** Data to use follows **

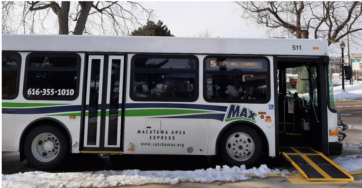
Figure 39: Photo of a MAX Transit bus taken on January 22, 2020, after riding route 5

snowfall can make accessing some stops difficult for pedestrians and that drivers typically stop at the next closest snow-free driveway to let passengers off. Many of the riders spoke to MACC staff about their typical commutes and where they would like to see stops added or changed in the future. Comments throughout the day indicated that riders are very thankful to have access to the bus and that it is their main mode of transportation to places like work, appointments, and shopping. For more on ridership satisfaction and trip information, MAX Transit produced a survey in August of 2019, this can be found in the appendix.
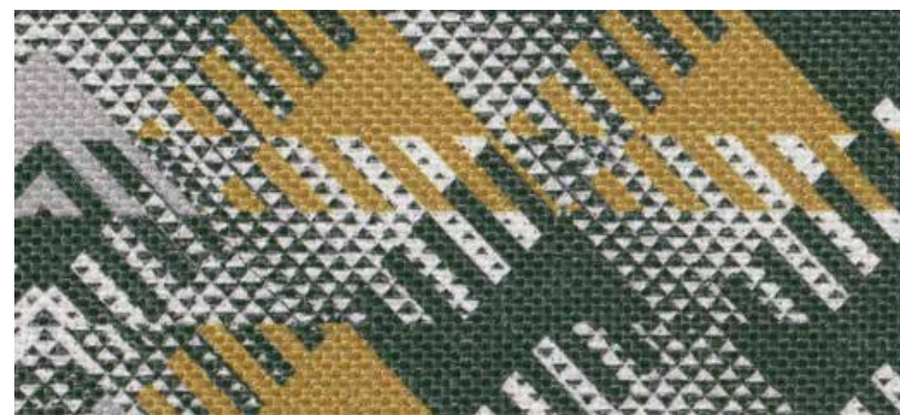
Cascade Pernod 4105
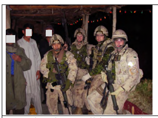
Foot patrol visits the compound belonging to a militia loyal to the governor.
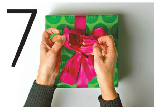
7 Fluff the bow, pulling out loops one at a time and twisting one forward then one back. Repeat. Tweak until the bow looks right.
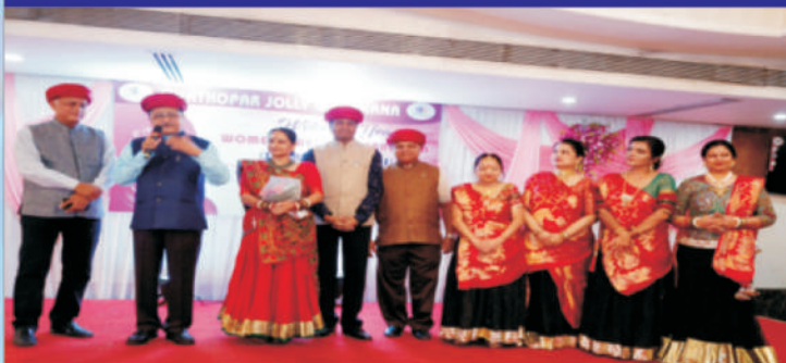
Women's Day Finale Celebration (Sports & Talent) held on 6 th March, 2020
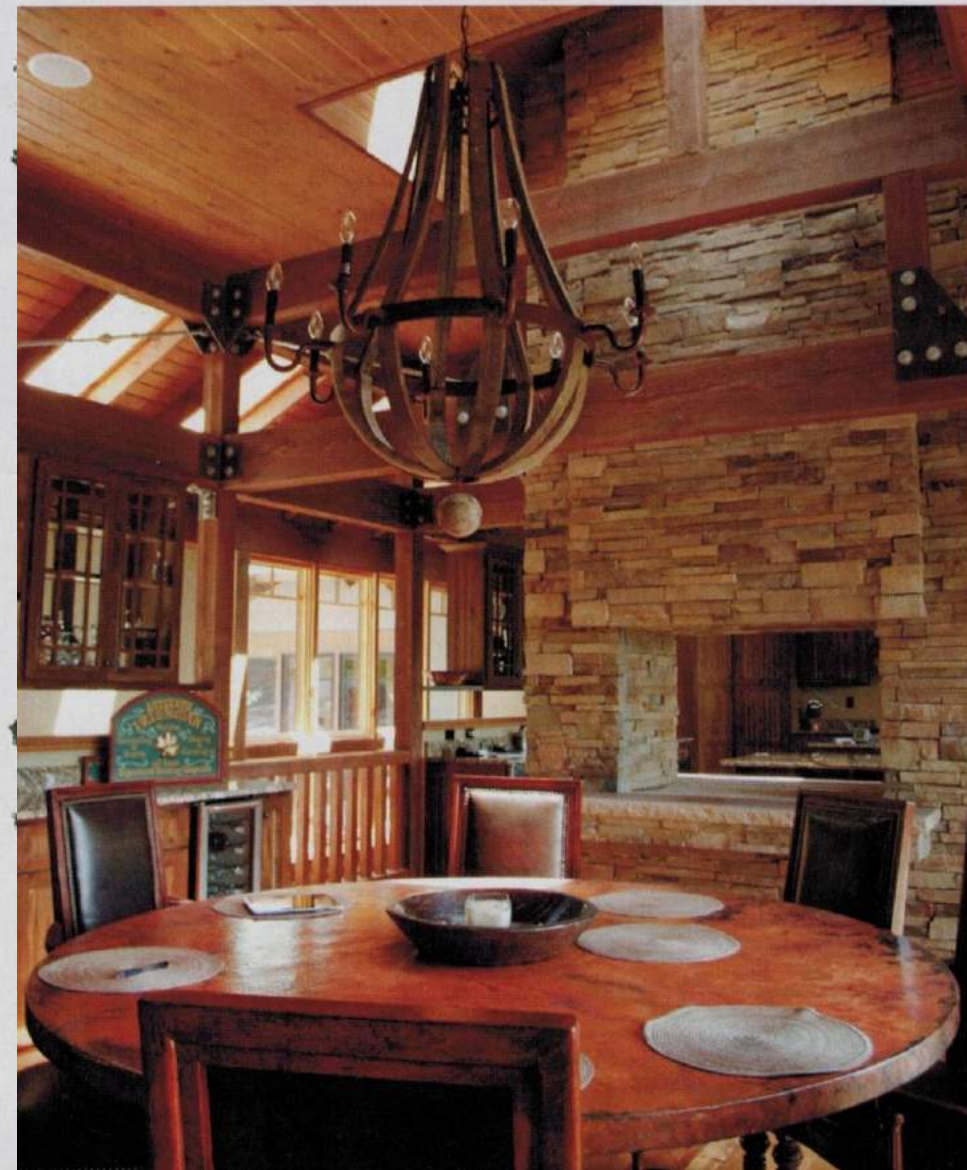
Courtesy Melanie Holden, Holden Design Group; Inset photo courtesy RH, Restoration Hardware, rh.com
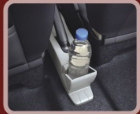
BOTTLE HOLDER 1 LTR
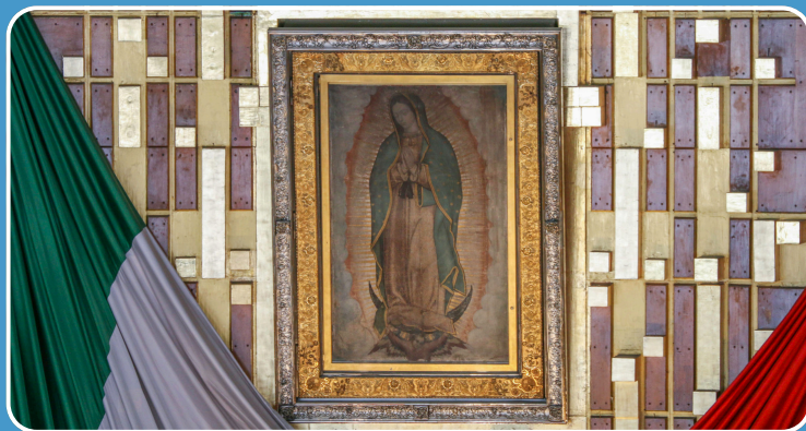
The Tilma of St. Juan Diego
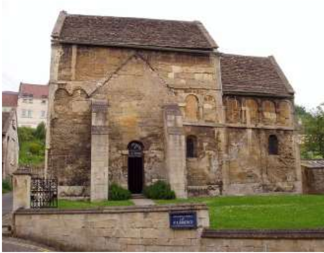
St Laurence's, Bradford-on-Avon – a rare Saxon foundation
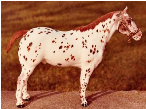
Stock Breeds (1): Kingpin Machado (CM)

Breed Classes: Photo formats other than 35mm or digital
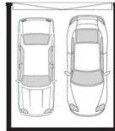
LU GARAGE 5.4 x 4.5
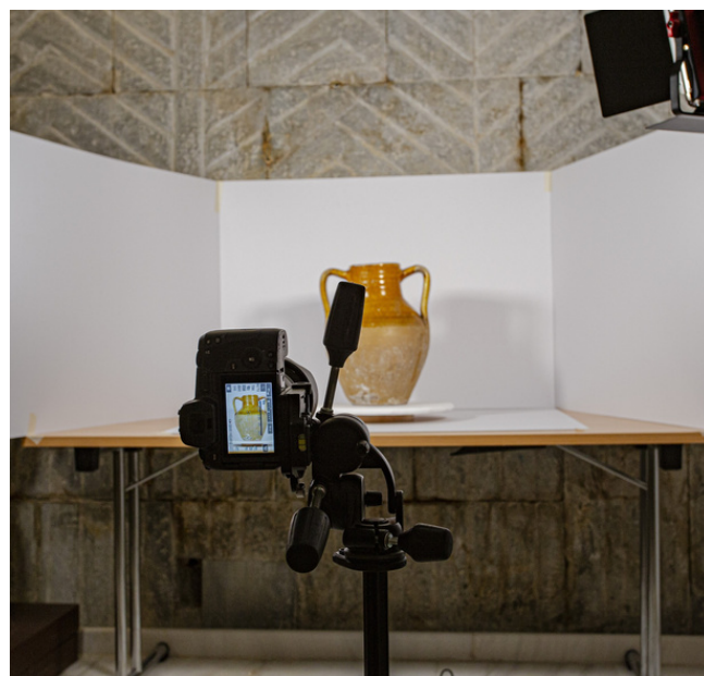
Digitization campaign works in the premises of MIO-ECSDE in Athens for HYDRIA's water jars collection

** End of Data to use **

Task requirements –
Copy the final stretch of the entries exactly: the line containing "7 Fluff the" and every line after it through the last. Include no pictures and nothing more.

Task solution –
7 Fluff the bow, pulling out loops one at a time and twisting one forward then one back. Repeat. Tweak until the bow looks right.
Women's Day Finale Celebration (Sports & Talent) held on 6 th March, 2020
Courtesy Melanie Holden, Holden Design Group; Inset photo courtesy RH, Restoration Hardware, rh.com
BOTTLE HOLDER 1 LTR
The Tilma of St. Juan Diego
St Laurence's, Bradford-on-Avon – a rare Saxon foundation
Stock Breeds (1): Kingpin Machado (CM)

Breed Classes: Photo formats other than 35mm or digital
LU GARAGE 5.4 x 4.5
Digitization campaign works in the premises of MIO-ECSDE in Athens for HYDRIA's water jars collection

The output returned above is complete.